We've had live streaming available to families for some time—periodically families would want us to do that in situations such as if a member of the family served in the armed forces and couldn't be here. Families began to embrace it as a way to connect without being able to physically connect during the pandemic. We also offer an online registry, so people were able to go online, leave their comments and we were able to capture those comments in a normal register book for families.

I think the way we serve families will fundamentally change. We always used to connect in a very traditional sense—in person over the table. During this pandemic we have offered families the ability to make arrangements online, we've met with families over FaceTime and over Zoom video calls. Now we're e-signing contracts and e-signing authorizations for cremation—that wasn't something we did before.

We won't cut that off when things go back to some sense of normalcy. If you're in Texas and California, lose a loved one and it's going to be several days before you get here, we'll sit down with you over video call and make those arrangements, so that when you get here, basically everything is taken care of. Should those have been things we were doing all along, absolutely. But now that we've done it, it will morph into more. We will offer live streaming of funerals to every family, every time, in the future? Absolutely.

Some of the decisions people made during the pandemic are going to be lasting decisions. They may have had to do a private family visitation and had a graveside service for their grandad, and felt good about that, and so choose to do that for another family member in future.

Funeral Homes, funeral, covid-19, pandemic
Hightower Family Funeral Homes operate three locations in the West Georgia area.

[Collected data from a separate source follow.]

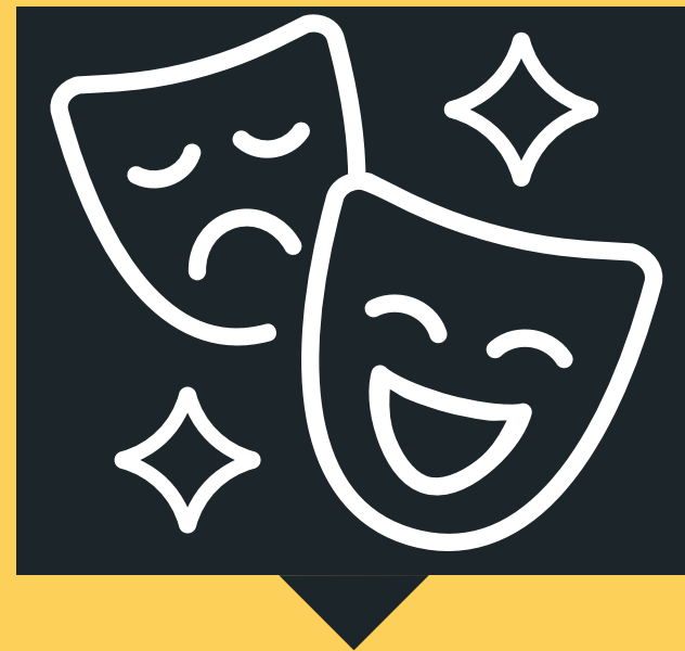
Drama and Imagination
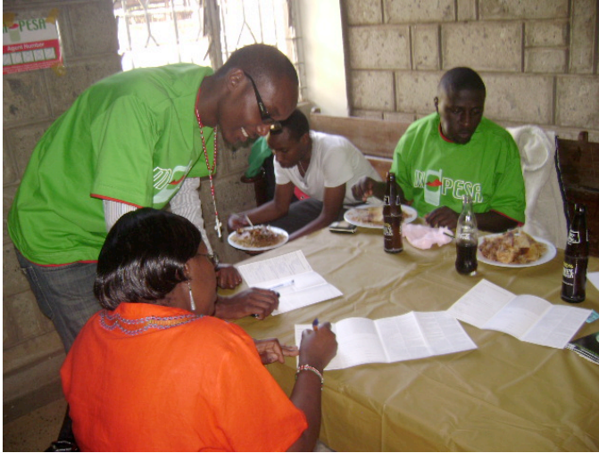
M-PESA staff helped women register for new services

Since this issue relates more to the training and capacity building carried out by VwAG, it was not addressed by the M-PESA in detail. VwAG did highlight and discussed it during the workshop. They encouraged members not to allow the use of technology to erode or limit their face to face interactions and communication by not attending meetings.
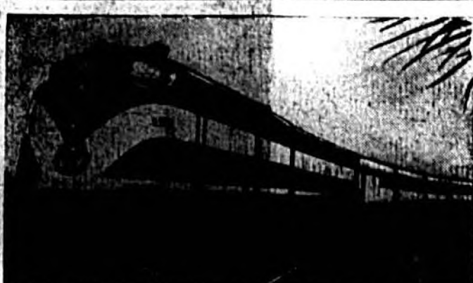
Here is a view of the Tamiami Champion, sleek new Atlantic Coast Line train, which was welcomed in Sanford and other Central Florida cities today on a preliminary run before it begins regular service to northern points tomorrow.
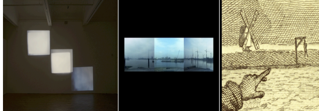
Fig. 02. Film outtakes from Diagonal , Thames Barrier , and Thames Film by William Raban

Raban's films are known for pioneering examples of multiple-screen and multi-media techniques developed as a "reaction against the fixed single screen of traditional cinema." 3 Raban's work, illustrated in Figure 02, grew from an his art/painting background and evolved during the 1970s and 1980s toward a pseudo-political body of work that chronicled historical and contemporary events in an attempt to "create some meaning of the condition of the country." 4
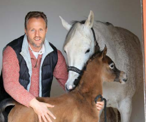
Rebecca Marc, filly 2012
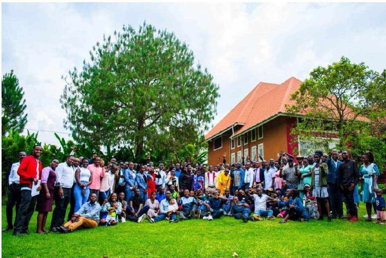
P4T Staff — Annual General Meeting & End-of-Year Party, Kabalega Resort Hotel, Hoima City
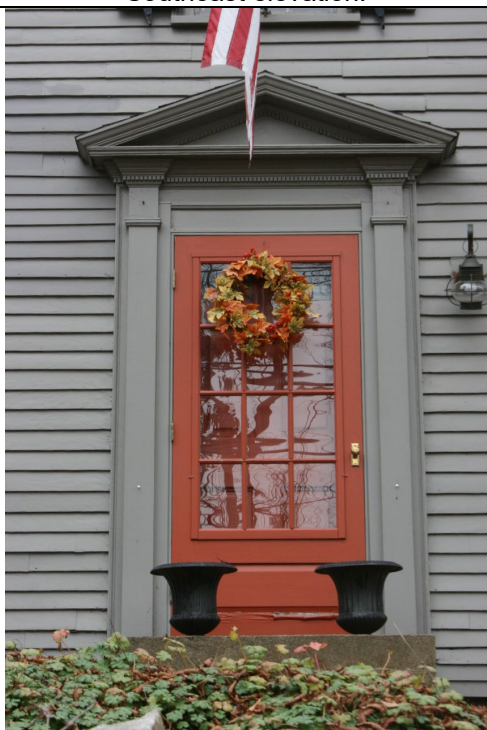
Detail of main entrance.
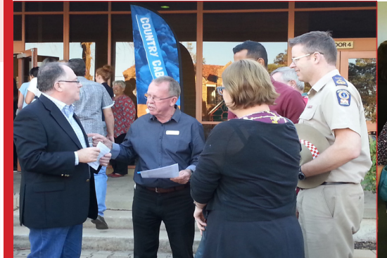
Meeting prior to the gathering at Port Pirie and Below: VIRTUS Soccer Club Funding Announcement $208K
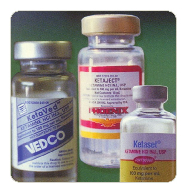
Vials containing liquid ketamine

Ketamine, along with the other "club drugs," has become popular among teens and young adults at dance clubs, musical festivals, and concerts. Ketamine is manufactured commercially as a powder

Pictured is the Carrollton, Georgia location. Martin & Hightower

We haven't seen an uptick in cremation in our small, rural community, but there have been families in parts of the country who have had more limitations placed on them because of the pandemic than we have had here in Georgia. Since they couldn't put together the farewell they always thought they would have, they may have opted for a more simple service, such as cremation.

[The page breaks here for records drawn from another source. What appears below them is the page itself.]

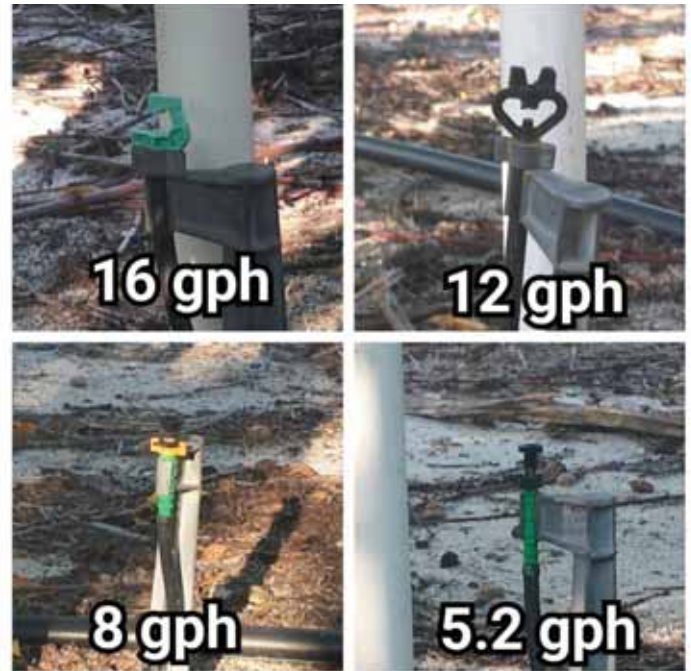
Figure 3. Examples of micro-sprinkler heads used for irrigation in peaches.

Peach trees in Florida are irrigated using micro-sprinklers, usually one emitter per tree. Several micro-sprinklers with different flow rates and irrigation coverage are available in the market (Figure 3). As a general rule, the micro-sprinkler should cover 50% or more of the area under the tree canopy. However, up to 80% irrigation efficiency can be achieved by a well-maintained and managed micro-sprinkler irrigation system (Haman et al. 2005). Growers in Florida commonly irrigate early in the morning to reduce losses due to evaporation or wind, with two or three irrigation events per week. Micro-sprinklers are also used for freeze protection, which has become a common practice for many growers as an alternative to the traditional overhead high-volume sprinklers that growers have to remove for pruning (Figure 4).
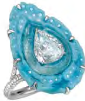
BOGHOSSIAN: Diamond mixed into Paraíba and Turquoise Ring

Boghossian presents its latest collection of jewelry pieces evoking the tranquil waters and clear skies of a blue summer . The collection features an array of stunning stones, which have been handpicked for their unique color, texture, quality and meticulously set using innovative techniques that are the hallmark of the Maison Boghossian.
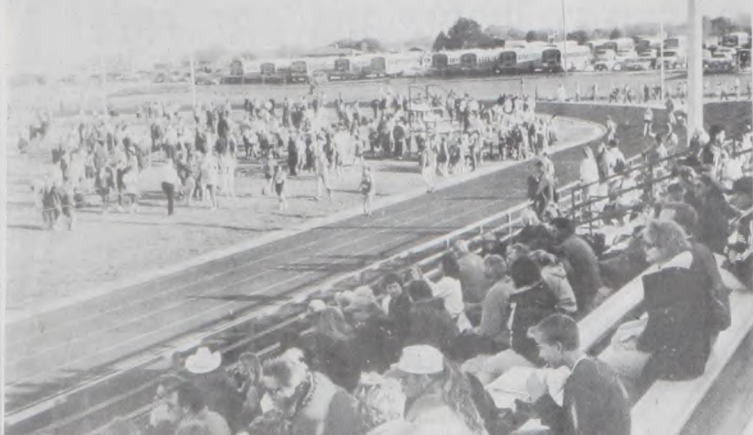
Hornet Stadium was filled with students and spectators for Thursday evenings Junior High Track Meet hosted by Sacred Heart School.

The Muenster 7th grade boys took the track district championship Monday evening with a winning 229 points. The 8th grade girls settled for second, trailing Era 191-182. Windthorst dominated the 7th grade girls, also taking the 8th grade boys championship. The other Muenster teams finished fourth and fifth. Gold medal and Muenster results are as follows:

What I have found in my working life is that once a family is able to overcome any objections they may have with cremation, the next cremation becomes much easier for that family.

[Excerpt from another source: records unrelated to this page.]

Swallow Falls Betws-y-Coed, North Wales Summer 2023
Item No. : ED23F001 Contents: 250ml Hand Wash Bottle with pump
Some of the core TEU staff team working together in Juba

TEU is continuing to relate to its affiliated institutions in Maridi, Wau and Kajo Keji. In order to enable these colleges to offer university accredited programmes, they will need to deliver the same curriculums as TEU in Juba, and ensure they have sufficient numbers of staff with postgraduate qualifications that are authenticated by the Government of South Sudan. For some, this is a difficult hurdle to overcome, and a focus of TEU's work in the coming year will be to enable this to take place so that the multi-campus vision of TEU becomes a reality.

There have been families especially in areas that have been really hard hit by COVID-19 who have chosen cremations simply because the service offerings were so limited and cemeteries were very restricted. They may have decided they would cremate their grandma, and when things are better they would bury her in the cemetery next to their grandad. Now, when there is another death in that family, why would they not choose cremation again? So from that perspective you will likely see an uptick in cremation, and we were already on an ascending trend for cremation anyway.

But there are families who really yearn for the way things were done before. I think the real test is going to come once we emerge from this. I think in our community people are longing for a return of what they see as normal.

But I'm not sure we will ever see normal again. I think this pandemic will change our social lives, the way many churches worship and a lot of how our lives look like. And we may see a permanent change in funerals, where families move to a more intimate, private visitation just out of concern for their safety and the safety of others.

I think one of the things that most funeral directors will take out of the pandemic is how crucial what we do really is. We couldn't choose to just accept families who had lost loved ones to COVID-19, we continued to deal with families who lost loved ones to all the other number of reasons people die. Unlike almost any other business I could think of, we had to continue and also take on this other segment of our business and maintain safety for everyone involved.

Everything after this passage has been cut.